● Exercise instructions
From the listing below, give again exactly the lines from the line with "По данным водителей" to the line with "Guys Dragon &", ends included, without any pictures.

● Supplied information
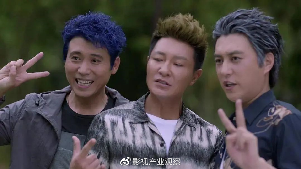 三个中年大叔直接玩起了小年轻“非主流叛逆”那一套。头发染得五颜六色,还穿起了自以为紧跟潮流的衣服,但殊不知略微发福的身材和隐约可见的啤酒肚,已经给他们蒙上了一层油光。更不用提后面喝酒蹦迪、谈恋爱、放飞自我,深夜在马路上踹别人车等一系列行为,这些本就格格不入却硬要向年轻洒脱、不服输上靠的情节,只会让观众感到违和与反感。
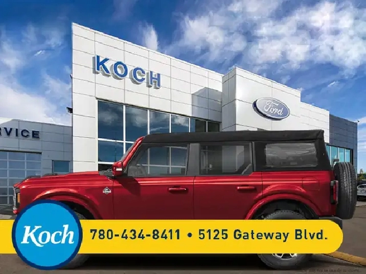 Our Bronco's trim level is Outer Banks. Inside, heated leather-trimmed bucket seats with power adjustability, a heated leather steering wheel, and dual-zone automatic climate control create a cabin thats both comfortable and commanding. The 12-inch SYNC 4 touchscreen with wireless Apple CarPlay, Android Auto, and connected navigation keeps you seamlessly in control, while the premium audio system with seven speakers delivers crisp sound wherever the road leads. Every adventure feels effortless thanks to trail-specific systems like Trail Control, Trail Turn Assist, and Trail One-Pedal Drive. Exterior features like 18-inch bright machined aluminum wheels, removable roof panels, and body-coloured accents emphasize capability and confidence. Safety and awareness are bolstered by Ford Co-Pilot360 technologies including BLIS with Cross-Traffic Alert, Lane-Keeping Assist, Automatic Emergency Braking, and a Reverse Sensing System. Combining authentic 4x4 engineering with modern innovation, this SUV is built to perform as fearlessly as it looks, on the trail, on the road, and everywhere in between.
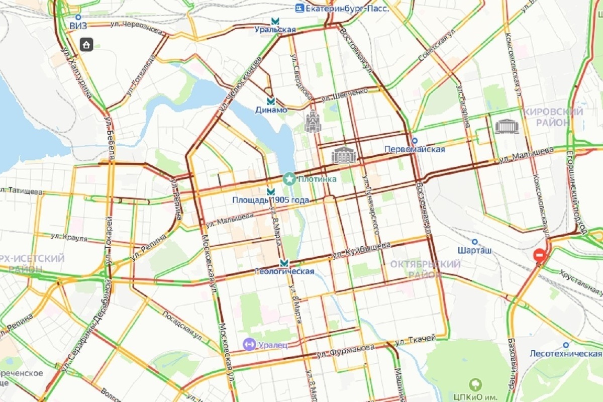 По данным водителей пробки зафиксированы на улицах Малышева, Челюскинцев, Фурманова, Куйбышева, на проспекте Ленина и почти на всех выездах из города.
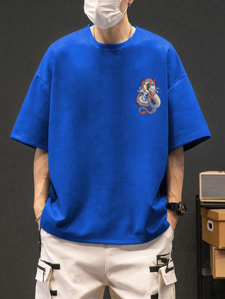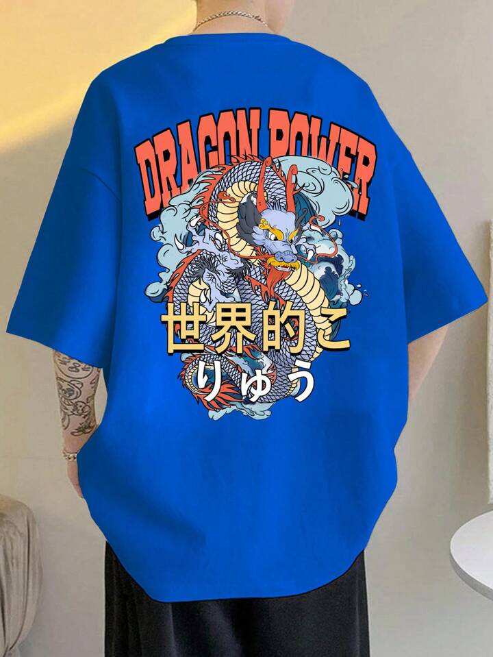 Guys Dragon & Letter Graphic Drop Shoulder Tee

* * *

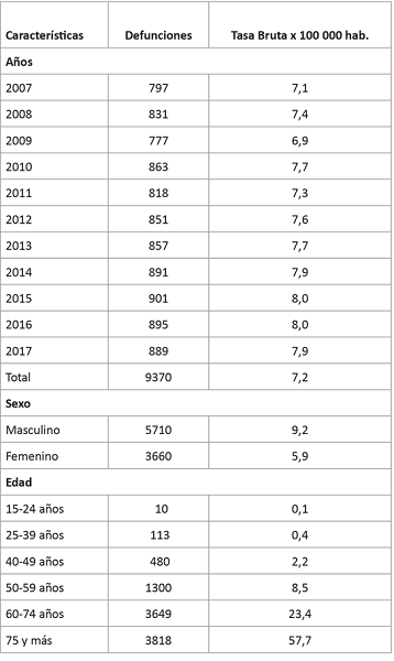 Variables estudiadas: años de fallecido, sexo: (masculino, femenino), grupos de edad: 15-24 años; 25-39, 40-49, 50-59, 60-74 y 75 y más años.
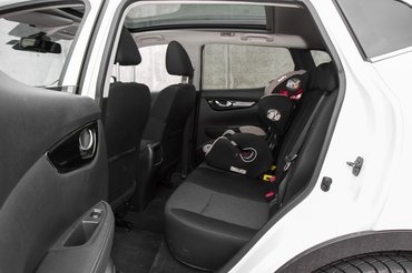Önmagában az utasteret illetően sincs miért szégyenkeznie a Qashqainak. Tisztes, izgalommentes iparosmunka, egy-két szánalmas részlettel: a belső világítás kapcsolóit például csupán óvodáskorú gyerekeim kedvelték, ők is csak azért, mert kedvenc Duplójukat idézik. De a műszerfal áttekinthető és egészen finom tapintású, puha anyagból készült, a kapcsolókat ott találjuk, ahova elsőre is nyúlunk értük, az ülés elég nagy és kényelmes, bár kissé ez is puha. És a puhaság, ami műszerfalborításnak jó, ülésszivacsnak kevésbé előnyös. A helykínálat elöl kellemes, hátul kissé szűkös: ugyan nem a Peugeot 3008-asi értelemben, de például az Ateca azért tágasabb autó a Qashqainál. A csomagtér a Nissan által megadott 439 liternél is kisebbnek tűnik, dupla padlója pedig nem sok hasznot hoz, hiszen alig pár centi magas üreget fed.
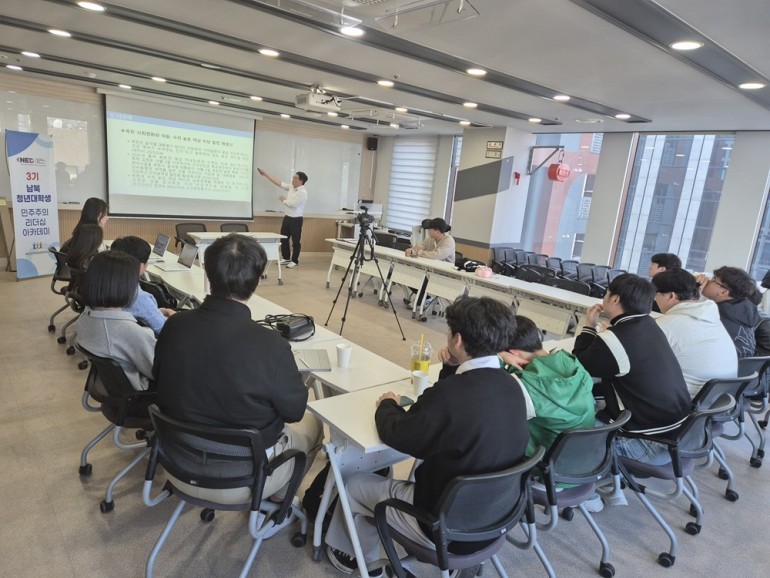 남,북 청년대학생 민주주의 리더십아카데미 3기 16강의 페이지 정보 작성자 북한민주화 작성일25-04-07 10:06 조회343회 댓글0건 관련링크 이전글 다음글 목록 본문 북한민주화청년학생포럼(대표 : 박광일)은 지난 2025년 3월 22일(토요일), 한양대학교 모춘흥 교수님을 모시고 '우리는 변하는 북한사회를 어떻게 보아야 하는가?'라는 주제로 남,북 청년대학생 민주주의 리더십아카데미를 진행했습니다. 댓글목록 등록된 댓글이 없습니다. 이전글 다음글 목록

● Response to the task
 По данным водителей пробки зафиксированы на улицах Малышева, Челюскинцев, Фурманова, Куйбышева, на проспекте Ленина и почти на всех выездах из города.
 Guys Dragon & Letter Graphic Drop Shoulder Tee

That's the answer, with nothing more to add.